Thursday, January 10, 2019

Hiking close to home



Ouf, what a hot day! It's not even 8 am and we are toasting! Windows open, fan on while we eat breakfast, and a little walk around the garden in the shade to keep cool, but the world outside our 4 walls becons, and so we must answer that call. In the car, swimsuits in tow, off we go around the town, down the road to the marina, turning off early and heading towards Anse Duquery instead. As we pull into the parking area, we note that there is a school group here, gathered around a few picnic tables, girls checking their phones, boys joking in groups. Mario and I prepare our bags, pull on our boots, slather on sunscreen and head out. Luckily, we head down the opposite end of the trail from the students - their loud talking and laughter would likely scare off the wildlife!



We are following a trail that runs along the shoreline, but also along a historical route, with stops along the way. We get notions of archaeological explorations, start humming the soundtrack to Indiana Jones as we traipse through the jungle. We scramble over rocks to cross rivers. We hop from log to log to avoid mucky puddles. We discover ancient carvings left by the Arawaks, almost 2000 years ago, but we are in the same forest, and the rocks are like any other in the river, you just have to know where to look, and we can TOUCH them. It's a little surreal.



Further afield, we cross a old plantation, where the remaining walls of the mill house, the water wheel and other equipment, stand hidden under layers of vines, long ago lost to the forest, but not forgotten. Piles of rocks indicate where walls once enclosed a village, houses for the slaves, sectioned off from the main house. From a distance, we would not know these sights from the trees and vines that surround us - thank goodness for good signage! The one sight we CAN pick clearly out of all the green is the old windmill, last one standing on all of Basse-Terre, and recently saved from dangerous Figuier Maudit trees, whose roots overtake and destroy buildings. In fact, the seedling of one of these destructive trees has rooted itself in between the rocks of the upper wall. Nature taking over once again.

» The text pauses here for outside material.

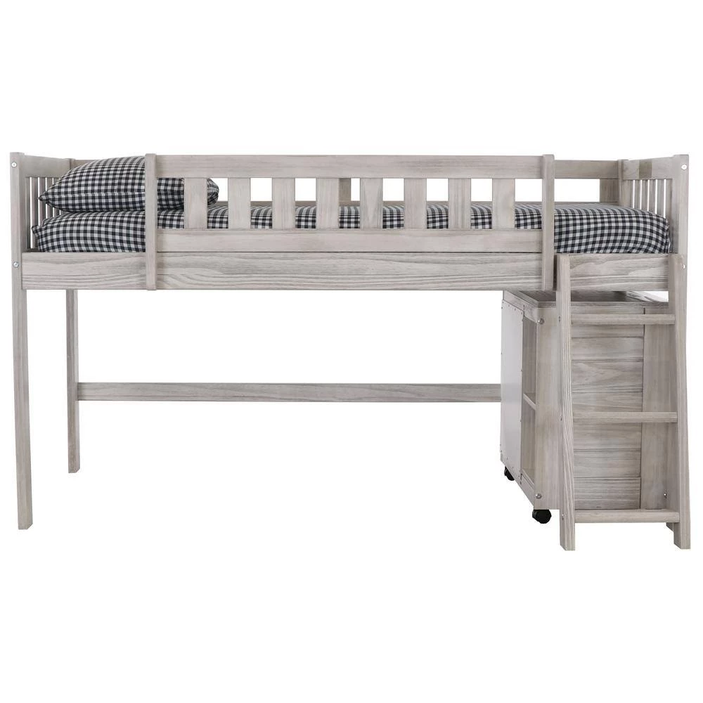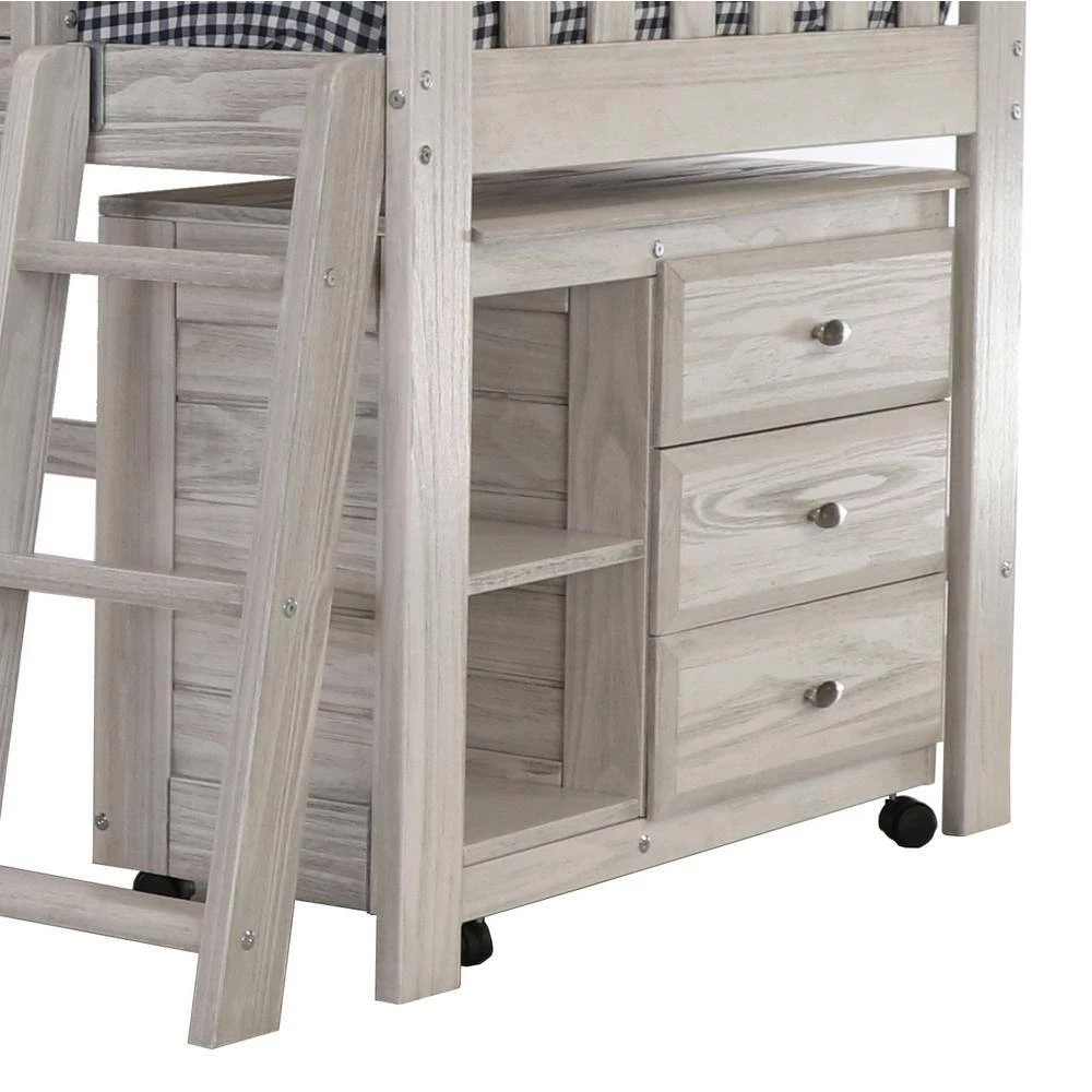 Add space as well as a special play area in your child’s bedroom with this sturdy loft style bed. Sturdy solid pine finished in a pleasing honey finish in an interesting mission style. The ladder fits on and attaches to either end. The sturdy slat system is included, meaning your bed is mattress ready eliminating the need to purchase a bunkie board or box spring. Rest easy as This bed has been tested and certified to meet the ASTM 1427-07 regulations set forth by the Consumer Product Safety Commission (CPSC) Complete your bedroom with this versatile three drawer chest. Drawers utilize metal guides on nylon rollers. Two spacious shelves are also included. The entire item is on mobile and utilizes 4 sturdy casters.

We reach the mid-point of the trail at an old battery, where cannons have be pulled from the ground and restored to their former glory, perched atop wooden bases, while still others lie half-buried under our feet. At this point, we choose to turn back around, since the heat is brutal, and the trail is not circular, so we will have to return on the same track anyway. On the return trip, we pass by some clear lagoons surrounded by palm trees. Mario decides to become a wild man of the jungle, and get a coconut fresh from the tree. Through a mixture of javelin launches, pole poking and rock throwing, he manages to dislodge not one but two yellow fruits, which we crack open back at the bungalow, and drain the refreshing liquid into our Ti'Punch. Mario is quite proud of himself....even though he doesn't like coconut.






We stop for a moment at the Anse Duquery to get refreshed in the water, but find a beach littered with plastic crumbs, driftwood bits, scraps of fishing nets. The tide is rough, not encouraging for swimming, so instead we walk the beach, gathering tiny pearls of polished beach glass. As our last evening in Trois Rivières slowly comes to a close, we walk along streets we have not yet explored,  ultimately making our way back to Kaz à Manjé for our chicken boucané with spicy sauce chien, and opt to dine alfresco.